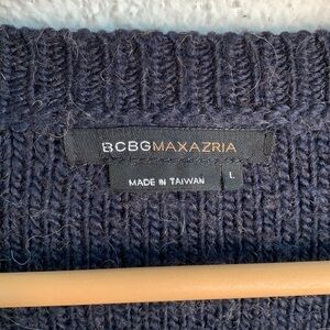 BCBGmaxazria Alpaca Long Duster Navy Pom Pom Sweater sz L
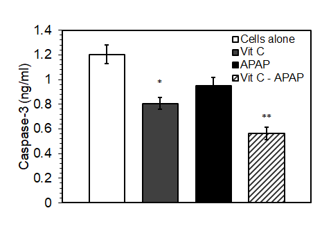 Fig. 4: Caspase-3 concentration of isolated mouse hepatocytes as determined by ELISA. Cells were either untreated, treated with 0.5 mmol Vit C only, treated with 10 mmol APAP alone, or treated with 10 mmol APAP after pretreatment with 0.5 mmol Vit C. Data are expressed as units for caspase-3 activity, and represent means±SEM, n=6. In comparison to APAP (**p<0.05). In comparison to Cells alone (*p<0.05)
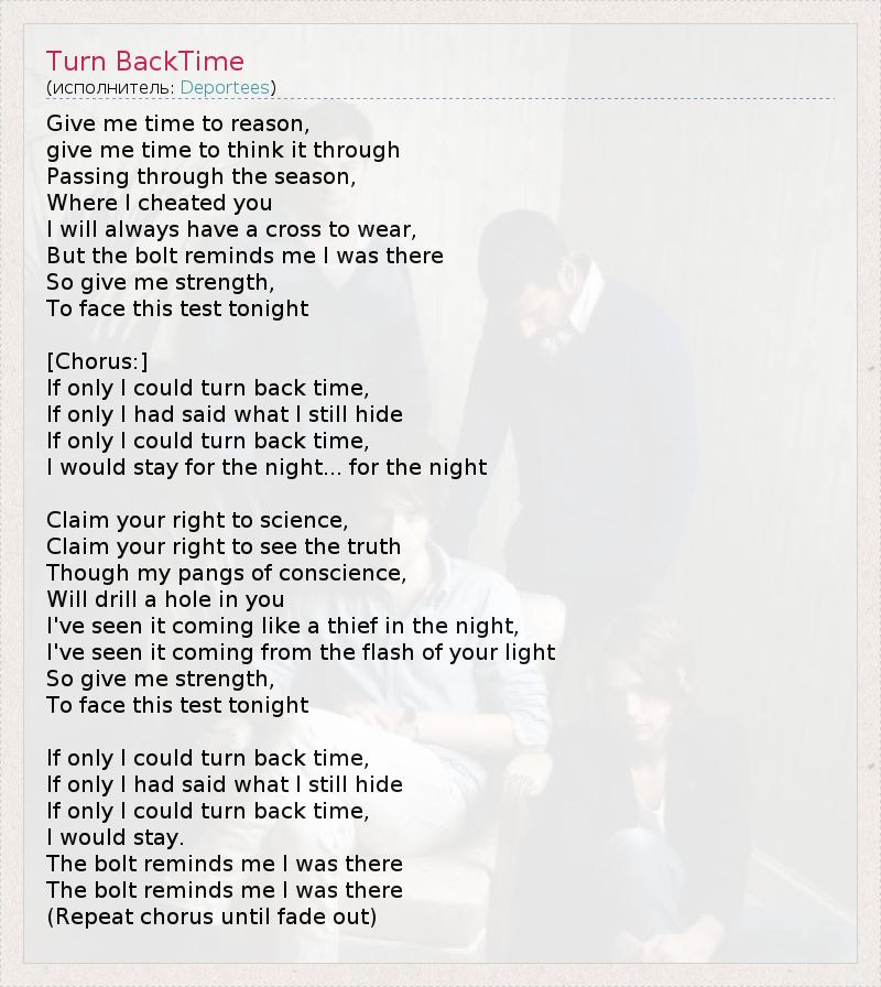 А как ты думаешь, о чем песня "Turn BackTime" ?

——————

What you will do :: The reply should contain every line of the material exactly, and no images.

Result ::
 BCBGmaxazria Alpaca Long Duster Navy Pom Pom Sweater sz L
 Fig. 4: Caspase-3 concentration of isolated mouse hepatocytes as determined by ELISA. Cells were either untreated, treated with 0.5 mmol Vit C only, treated with 10 mmol APAP alone, or treated with 10 mmol APAP after pretreatment with 0.5 mmol Vit C. Data are expressed as units for caspase-3 activity, and represent means±SEM, n=6. In comparison to APAP (**p<0.05). In comparison to Cells alone (*p<0.05)
 А как ты думаешь, о чем песня "Turn BackTime" ?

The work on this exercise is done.